From a screen recording, I count 53 screen-recorded frames from the apparent start of the animation (which occurs after it's invoked) to desktop widgets becoming transparent (which appears to be the point input is no longer blocked). IINA says the video is 50.582 fps (very strange frame rate?) so that would be ~1050ms.
Of course, that doesn't include any input latency or the display latency, so I also took a video with my phone. I took two trials and I recorded a full 1.08 seconds from key depression to transparent widgets. I did two more with Reduce Motion on and got the exact same time.
I am very curious what your set up is, because I am invested in getting this as close to 8.3 ms as possible.
edit: For comparison, my Linux desktop with a similar experimental set up, this takes about 24ms from key depression to the next desktop becoming visible. The only experimental difference is that I had to switch to the "slow mo" camera to record the difference, and I have a 240hz monitor. The desktop is also considered one of the slower ones (GNOME).
TLDR: It takes 1.08 seconds, on my Macbook, to complete a desktop transition.
Agree. I hate the fullscreen animation so I prefer apps that have a non-native and no animation option such as Ghosty.
I'm also on a M1 Macbook Pro, running Tahoe 26.2.
Not sure why yours is so much slower than mine.
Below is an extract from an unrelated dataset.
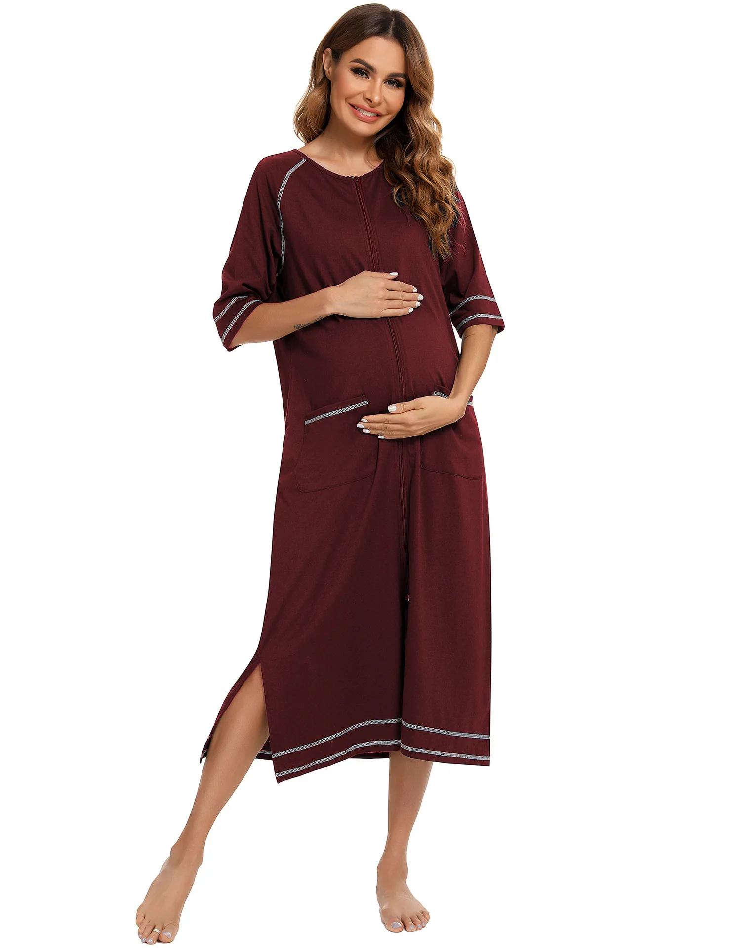 Casual Loose Seven-Point Sleeve Maternity Dress With Lactation Zipper Women's Home Nightgown Sleep & Lounge Product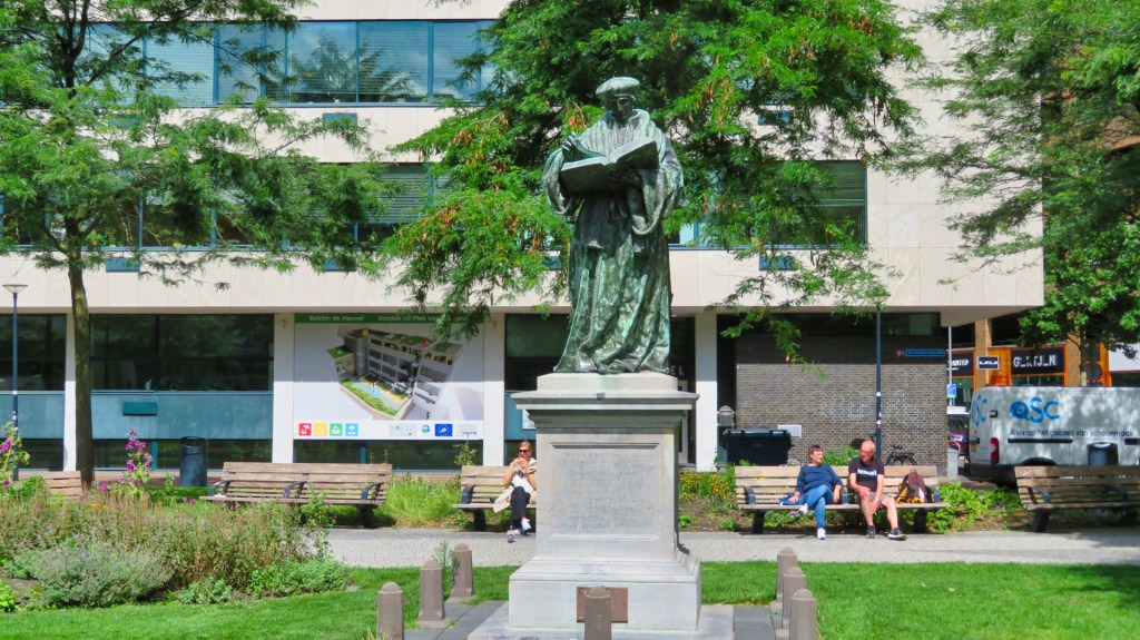 Vanaf daar loop ik verder de Oppert door en zie ik de prachtige Laurenskerk. Het is interessant om te weten dat hier vlakbij de filosoof Erasmus werd geboren. Naast de kerk staat zijn standbeeld en het groen eromheen is schitterend aangelegd. Mensen genieten op bankjes, terwijl anderen op een kussentje aan het mediteren zijn.

Mine is definitely 250 ms long or 15 frames from the time I hit the shortcut.
I used the onscreen keyboard viewer to get visual feedback when the shortcut was pressed and recorded audio so I could hear it being pressed. I even recorded it a second time using OBS to ensure I was at 60 fps and trimmed the whole segment down to just the animation and sure enough, the video is exactly 250 ms long according to IINA.
Also, I don't have any visible delay between pressing the key and the animation starting. The animation starts on the same frame as when the shortcut is recognized by the onscreen keyboard viewer (which is the same time as I hear it being pressed) in the recording. The keyboard delay must be < 16.6 ms.